Burası Amerika mı yoksa savaş bölgesi mi?

9 Ağustos 2014'te 18 yaşındaki silahsız, Afrikalı-Amerikalı Michael Brown, Missouri, Ferguson'da bir polis memuru olan Darren Wilson tarafından vurularak öldürüldü. Olay, Ferguson polisinin güç kullanarak karşılık verdiği ve sonuç olarak polisin militarizasyonu hakkında ulusal bir tartışma başlattığı ayaklanmalara yol açtı:

  • Bir tartışma başlatmak için ne olur ve sonra yanıt olarak ne olur?
  • Çevik kuvvet polisinin görüntüleri
  • Değişen strateji
  • Bu konularla ilgili ulusal konuşmalar iyi

Çünkü bu EML [Keşfetmek manastıra ait Life] insanları haberleri takip etmiyor. Yani geçen Cumartesi, Missouri, Ferguson'da bir şey oldu—St. Louis'in bir banliyösü. Polis tarafından öldürülen 18 yaşında silahsız bir Afrikalı-Amerikalı delikanlı vardı. Cemaat %80 siyah ama belediye başkanı, polis şefi, önemli kişiler beyaz. Bu yüzden öldürülmesine karşı bir protesto oldu ve polis çok ama çok sert bir şekilde göz yaşartıcı gazla, plastik mermilerle karşılık verdi ve bu ordu teçhizatıyla, polis memurları polis gibi değil asker gibi görünerek dışarı çıktı.

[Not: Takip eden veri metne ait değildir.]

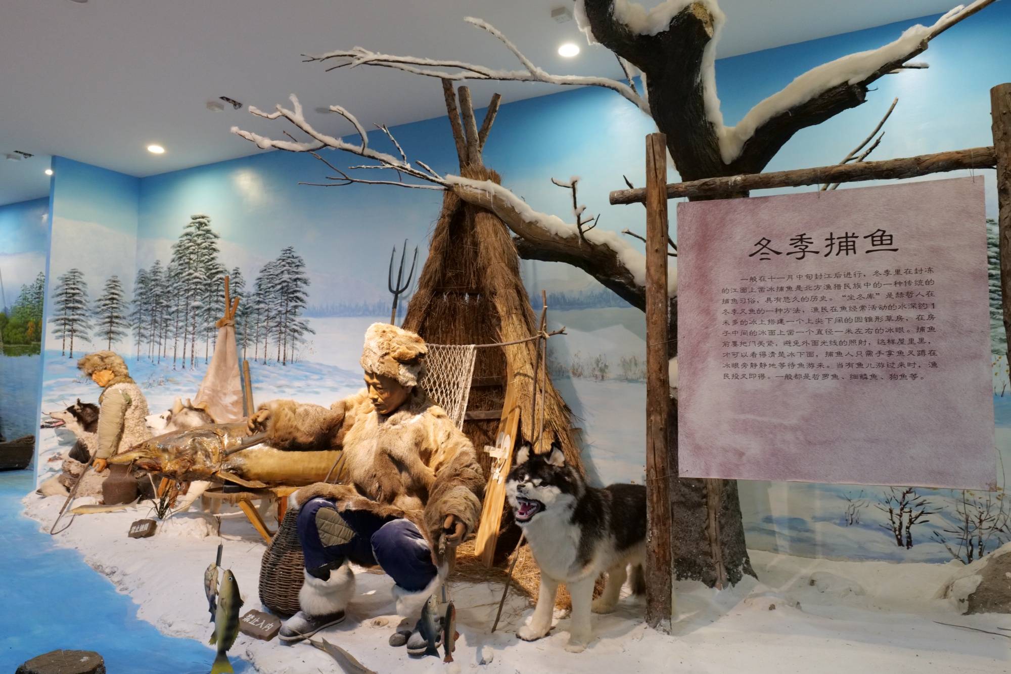赫哲民俗渔猎文化馆中的冬季捕鱼部分(央广网发 邵丽君 摄)

Ayrıca protesto ettikleri en önemli şeylerden biri, sadece bu siyah adamın öldürülmesi ve silahsız olması değil, aynı zamanda polis departmanının onu öldüren polis memurunun adını açıklamak istememesiydi. Ve toplum bunu istedi. Ve bugüne kadar serbest bırakılmadı, cinayet geçen cumartesiydi.

Yani, orijinal olay sorunu vardı.

Sonra polisin nasıl tepki verdiği meselesi vardı. Yani bu genellikle insan etkileşimlerinde olur. Bir tartışmayı başlatan bir şey var ve sonra her bir tarafın buna nasıl tepki verdiği başka bir anlaşmazlık katmanı yaratıyor.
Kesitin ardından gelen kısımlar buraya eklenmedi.